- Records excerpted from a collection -
=== Begin Enclosure ===

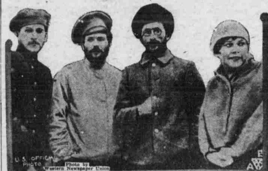
These bolshevik leaders were arrested at Ekaterinburg, Russia, by the Czechs, and 24 hours after the picture was taken they were executed. Left to right they are the bolshevik secretary, the town commissaire, the chief justice and a girl stenographer.
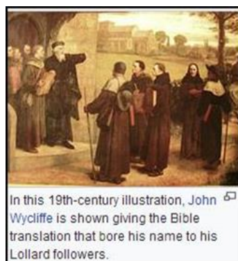
In this 19th-century illustration, John Wycliffe is shown giving the Bible translation that bore his name to his Lollard followers.
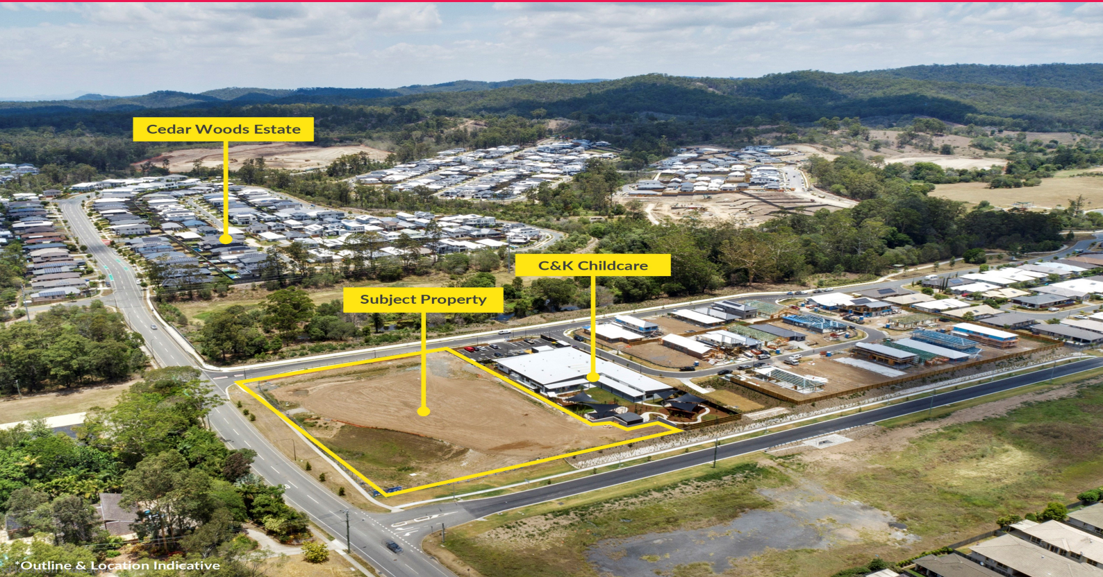
*Outline & Location Indicative
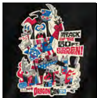
2014 Superfan Shirt
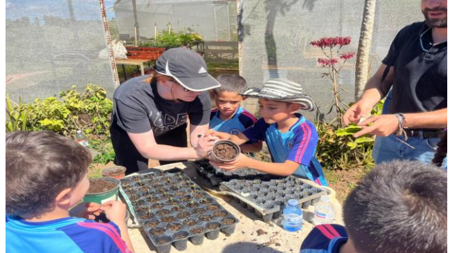
Every seed planted is a lesson in stewardship and hope
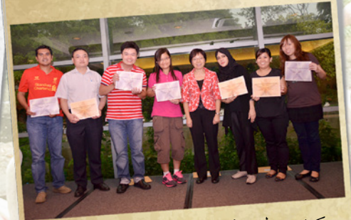
Our proud award winners
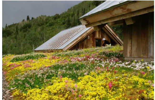
Amazing roof garden
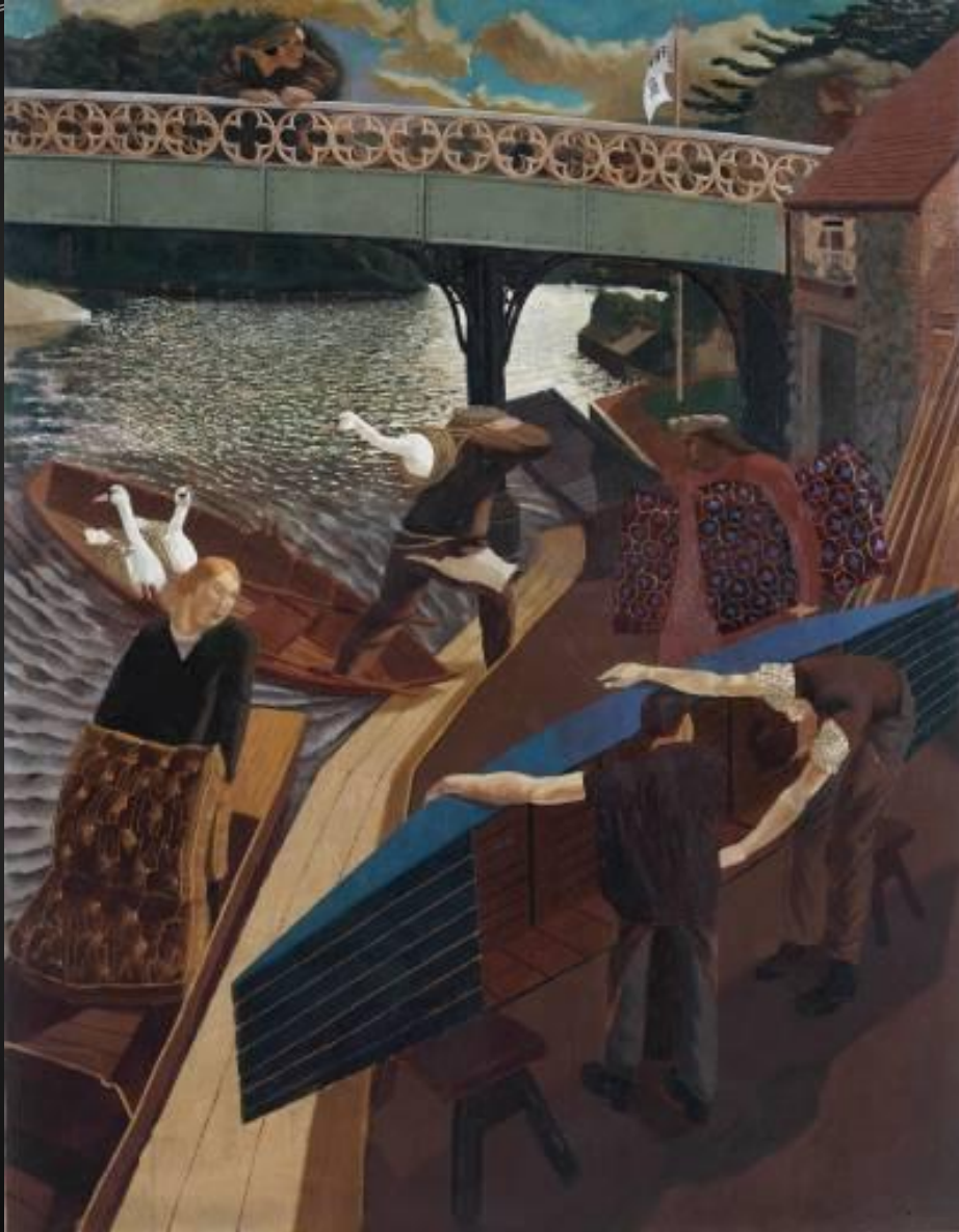
Swan Upping at Cookham (1915–19)
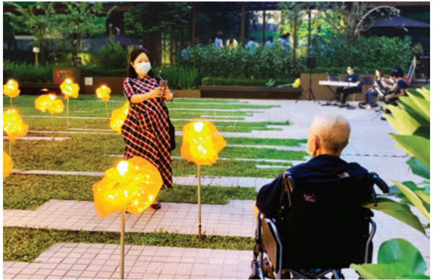
Our patient and caregiver enjoying the stroll and photo-taking with the “moon flowers”.

Our Courtyard was transformed to a sea of orange “moon flowers” to reflect the magical Mid-Autumn moonlight! Our patients and their caregivers had a memorable night celebrating Mid-Autumn Festival on 17 Sep 2020, making their very own “moon flowers” and taking a leisurely stroll amongst them. Despite the Covid-19 pandemic, our friends from City Developments Limited continued their yearly tradition of celebrating Mid-Autumn with our patients, with infection control measures in place. They brought festive cheer by joining our Day Care patients in the “moon flower” making and distributing mooncakes at the Inpatient wards. Friends from The TENG Ensemble made our moon flower stroll more magical with live rendition of classics like “城里的月光”.
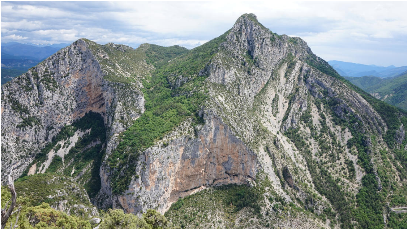
In the foreground the Paroi du Giet where the Cocotte is located on the left part of the wall, left of it in the background the Paroi Dérobée.
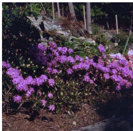
R. Bob's Blue
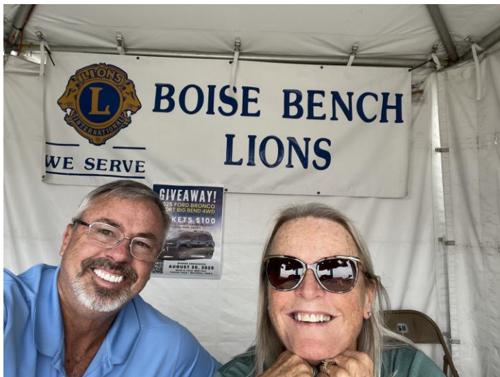
46 Lions and 9 non-Lions volunteered at the Found Kids Booth for a total of 376.5 hours. We registered 706 kids.
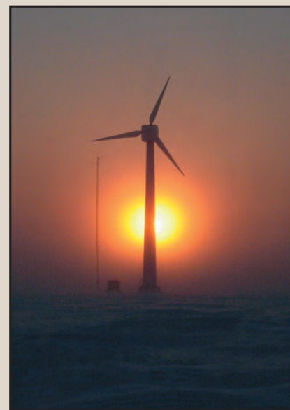
Sunrise silhouettes one of three 100-kilowatt wind turbines in Kasigluk, Alaska.

"We're looking at the possibility of bringing wind power to as many as 34 villages," Petrie says. ■
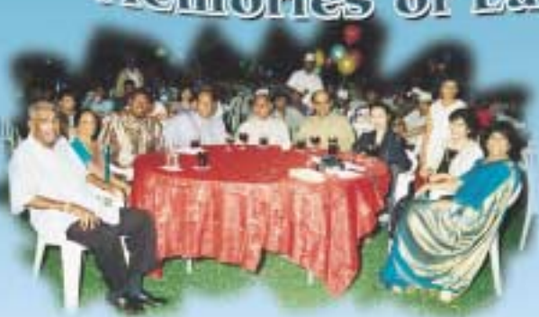
New Year's Eve 2001
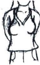
No halter tops
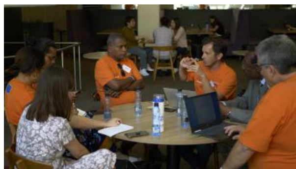
Figure 10: Working in teams
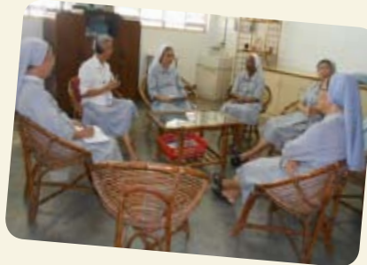
Giving lesson to the Community

=== End Enclosure ===

- Prompt -
Wherever a line contains the string "with", copy that line from the data.

- Answer box -
Our patient and caregiver enjoying the stroll and photo-taking with the “moon flowers”.
Our Courtyard was transformed to a sea of orange “moon flowers” to reflect the magical Mid-Autumn moonlight! Our patients and their caregivers had a memorable night celebrating Mid-Autumn Festival on 17 Sep 2020, making their very own “moon flowers” and taking a leisurely stroll amongst them. Despite the Covid-19 pandemic, our friends from City Developments Limited continued their yearly tradition of celebrating Mid-Autumn with our patients, with infection control measures in place. They brought festive cheer by joining our Day Care patients in the “moon flower” making and distributing mooncakes at the Inpatient wards. Friends from The TENG Ensemble made our moon flower stroll more magical with live rendition of classics like “城里的月光”.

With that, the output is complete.